Note, that when subscribing to topic we provided a callback function onLedcontrolUpdate. This function will be called when a message is published on the ledcontrol topic. Within that function we will check if the received string is a predefined command and act accordingly.

Publishing uptime

We are now in the RUNNING state and the mqttsnServiceTask runs again. We get the local time:

// Get current local time
uint64_t uptime = EMBENET_NODE_GetLocalTime();

And construct a simple JSON:

// Construct a simple JSON
char uptimeStr[80];
sprintf(uptimeStr, "{\"uptime\":%u}", (unsigned)(uptime / 1000U));

We next publish it on the uptime/UID topic:

// Publish the message
MQTTSN_CLIENT_PublishMessage(&mqttsnClient, uptimeTopic, uptimeStr, strlen(uptimeStr));

and reschedule this activity in 10s:

// Reschedule the task
EMBENET_NODE_TaskSchedule(taskId, timeSource, t + 10000);

Publishing button counter

This is done from within the mqttsn_client_service_proc function that is called periodically. The function checks for button press. Once detected we prepare a simple JSON message:

// Prepare message to be published
char payloadStr[80];
sprintf(payloadStr, "{\"button\":%d}", ++buttonPressCounter);

and next we publish it:

// Publish message
MQTTSN_CLIENT_PublishMessage(&mqttsnClient, buttonTopic, payloadStr, strlen(payloadStr));

The rest of the code is used to limit the number of messages to one per second at most.

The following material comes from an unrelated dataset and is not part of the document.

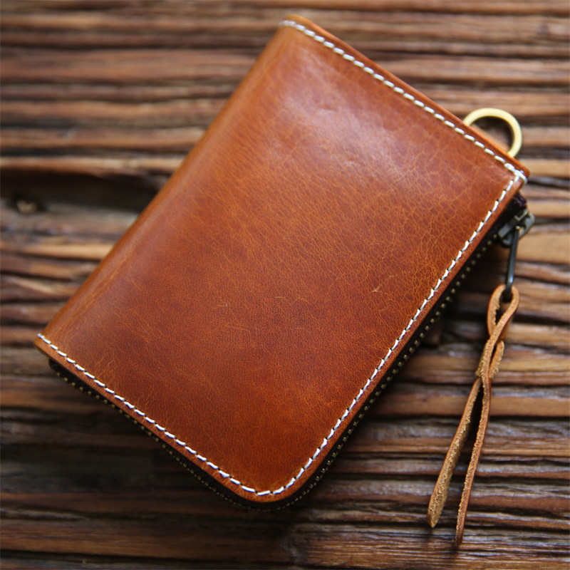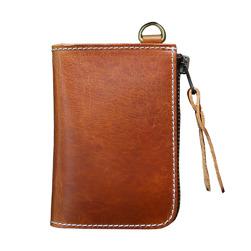 手工复古头层牛皮男士钱包真皮短款拉链钱夹竖款皮夹驾驶证卡包

Disconnecting from gateway

When the MQTT-SN client notices that the gateway disconnected it, it will call the provided onMQTTDisconnected calback.

Within that callback we cancel the service task.

// Cancel the service task
EMBENET_NODE_TaskCancel(mqttsnTaskId);

Next we re-initalize the client:

// Re-initialize the client
MQTTSN_CLIENT_Deinit(&mqttsnClient);
// Use the UID of the node as part of the client ID
char clientId[32];
sprintf(clientId, "Client%x%08x", (unsigned)(EMBENET_NODE_GetUID()>>32), (unsigned)(EMBENET_NODE_GetUID()));
MQTTSN_CLIENT_Init(&mqttsnClient, 1885, clientId, &mqttEventHandlers);

and restart the task again

// Re-initialize and restart the service task
serviceState = CONNECTING;
EMBENET_NODE_TaskSchedule(mqttsnTaskId, EMBENET_NODE_TIME_SOURCE_LOCAL, EMBENET_NODE_GetLocalTime() + 5000);

Service stop

When the node leaves the network, the mqttsn_client_service_stop function is called and the MQTT-SN demo service is stopped. Here we just cancel the task and re-initalize the client:

// Cancel the service task
EMBENET_NODE_TaskCancel(mqttsnTaskId);
// Re-initialize the client
MQTTSN_CLIENT_Deinit(&mqttsnClient);
// Use the UID of the node as part of the client ID
char clientId[32];
sprintf(clientId, "Client%x%08x", (unsigned)(EMBENET_NODE_GetUID()>>32), (unsigned)(EMBENET_NODE_GetUID()));
MQTTSN_CLIENT_Init(&mqttsnClient, 1885, clientId, &mqttEventHandlers);

The service will be started again once the node joins the network once more.